Vendevano online prodotti che non avevano: Antitrust bacchetta due negozi virtuali

Telecamere, detersivi, pannolini, biscotti: tutta merce acquistata e mai ricevuta. Le tantissime segnalazioni di clienti truffati dai siti Mevostore e sottocosto.online hanno indotto Antitrust a indagare. E proprio nei giorni scorsi è arrivato il primo verdetto: i due siti devono smettere di vendere merce che non hanno in magazzino, pena una multa che può arrivare fino a 5 milioni di euro per pratica commerciale scorretta.
Il modus operandi dei due siti non è troppo originale ma di certo efficace: già in passato diversi negozi online, dietro i quali spessi si nascondono organizzazioni criminali, hanno adottato la stessa strategia per fare soldi facili. I due procedimenti di Antitrust sono quasi identici: Mevostore e sottocosto.online non informano il cliente, al momento dell’acquisto, del fatto che la merce non c’è. Anzi, Mevostore comunica persino una data di consegna del tutto fasulla. Passati un po’ di giorni, e arrivate le prime lamentele degli acquirenti, i siti cominciano a fare “melina”: parlano di generici problemi di logistica e rassicurano che è solo questione di tempo e che, in ogni caso, il rimborso è garantito.
Dalle segnalazioni inferocite di molti consumatori, però, la realtà è diversa: arriva sempre un momento in cui il servizio clienti smette di rispondere.
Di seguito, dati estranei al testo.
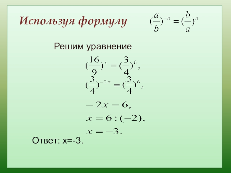 Используя формулу  			  Решим уравнение					Ответ: х=-3.
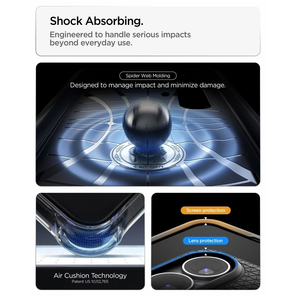 Technologia Air Cushion w narożnikach tworzy przestrzenie powietrzne, które skutecznie amortyzują uderzenia podczas upadków, chroniąc telefon przed uszkodzeniami w najbardziej narażonych punktach. Pełne pokrycie wypukłości aparatu wraz z precyzyjnymi wycięciami zabezpiecza soczewki przed codziennymi zarysowaniami, kurzem i kontaktem z różnymi powierzchniami. Przycisk sterowania aparatem chroniony jest cienką warstwą TPU, która zapewnia ochronę przy jednoczesnym zachowaniu pełnej funkcjonalności – możesz swobodnie korzystać z wszystkich funkcji bez żadnych ograniczeń.
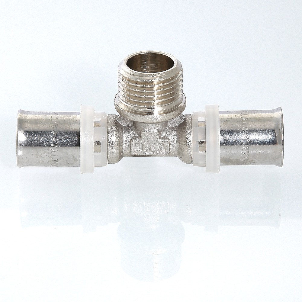 Пресс-фитинг – тройник с переходом на наружную резьбу предназначен для подсоединения к металлопластиковым (металлополимерным) трубам или трубам из сшитого полиэтилена элемента системы с внутренней резьбой.
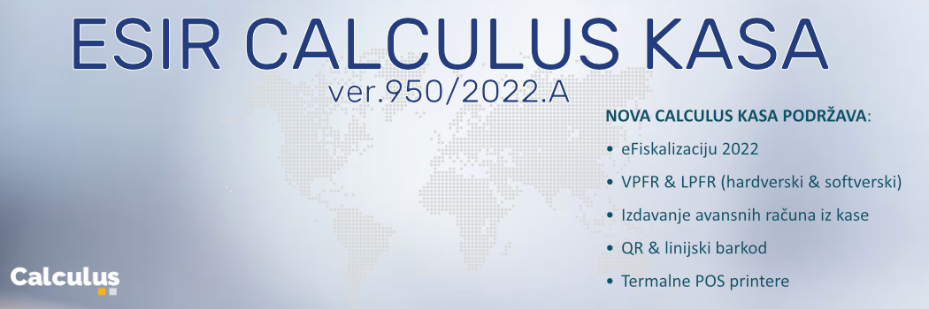 obaveštavamo Vas da smo dobili odobrenje za ESIR CALCULUS KASA ver. 2022.A kod nadležnog sertifikacionog tela Poreske uprave („Službeni glasnik RS“ broj 32/21).
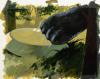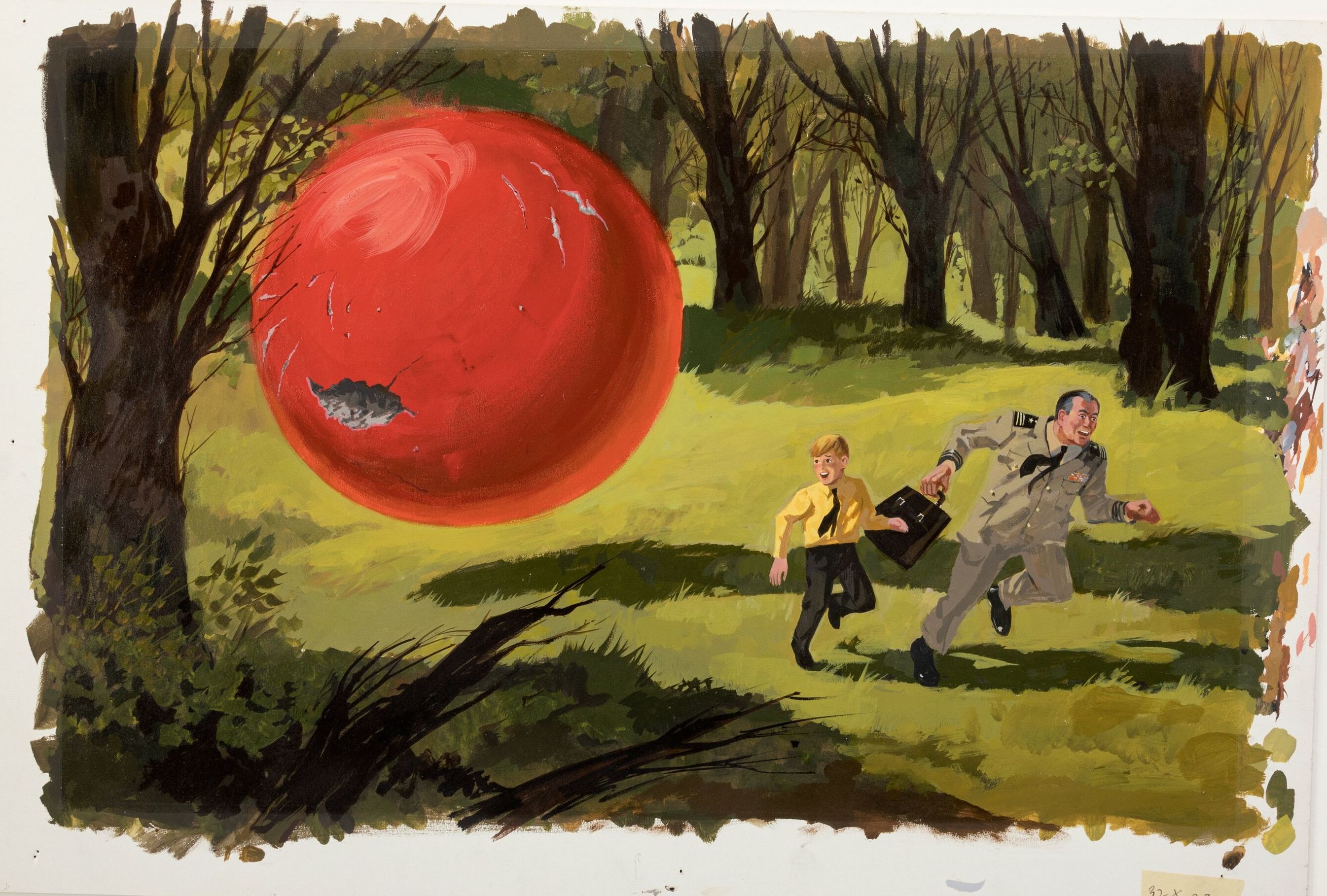 Original Concept Artwork ( 2 ) of a Giant Red Ball and Catspaw Menacing "Spindrift" from Land of the Giants ( Irwin Allen Productions, 1968-1970 ). Vintage original concept art from the Land of the Giants in oil paint with varnish, measuring 20" x 30" indented to 17" x 22" on 4-ply artist board, glue tipped to a mat measuring 23" x 32" and hinged with transparent mylar overlay. The pre-production artwork depicts Alexander Fitzhugh and Barry Lockridge pursued by an enormous rolling red ball. A second artwork depicts an enormous catspaw menacing "Spindrift" in oil paint with light varnish measuring 16" x 20", indented to 12" x 16" on a mat measuring 17" x 21" and hinged with transparent mylar overlay. Actual artwork reproduced on pages 298-301 of "The Fantasy Worlds of Irwin Allen" by Jeff Bond, Creature Features 2019.

E per rimanere coerenti Cliccatissimo srl, cioè la società che detiene Mevostore, e Promotional Trade, proprietaria di sottocosto.online, non hanno risposto neanche ad Antitrust. Non è tutto: ai clienti del sito che intendono far valere i propri diritti vengono messi i bastoni tra le ruote. L’autorità ha sottolineato infatti come né su Mevostore né su sottocosto.online ci sia alcun modulo per esercitare il diritto di recesso né alcun link a piattaforme per la risoluzione extragiudiziale delle controversie. Nel caso di sottocosto.online ai clienti viene addirittura chiesto di mandare un fax per anticipare l’invio di una raccomandata in cui si chiede il rimborso.

Cosa si può fare. Secondo quanto dichiarato su TrustPilot, il popolare sito di recensioni, molti consumatori hanno sporto denuncia ai Carabinieri, alla Guardia di Finanza e alla Polizia Postale. “La denuncia per truffa telematica va sempre fatta in questi casi. Chi si costituisce in giudizio può infatti ottenere un risarcimento per il danno subito. Ma online c’è un vero far-west e spesso cercare il colpevole è come andare a caccia di farfalle” spiega Domenico Romito di Avvocati dei Consumatori, esperto per Diritti & Consumi di Repubblica. “Bisogna sperare anzitutto che i responsabili siano rintracciabili, e poi che vogliano evitare una condanna per truffa, che in Italia comporta pene piuttosto blande”.

Avvocati dei Consumatori chiede – e non è l’unica associazione di settore a farlo – maggiori garanzie per i clienti dei negozi virtuali. “Oggi chiunque può aprire un sito, mettere in vendita a prezzi stracciati merce che non ha e sparire dopo aver raggranellato centinaia di migliaia di euro. Il legislatore dovrebbe fare qualcosa. Un esempio? Per vendere online bisognerebbe presentare una fideiussione, in modo da garantire i clienti in caso di problemi” suggerisce Romito.
Nel frattempo qualche accorgimento possiamo prenderlo anche noi. I due siti finiti nel mirino di Antitrust, ad esempio, non accettavano carte di credito ma solo bonifici, ricariche PostePay e Bitcoin. Già questo è un campanello di allarme sufficiente per cambiare aria.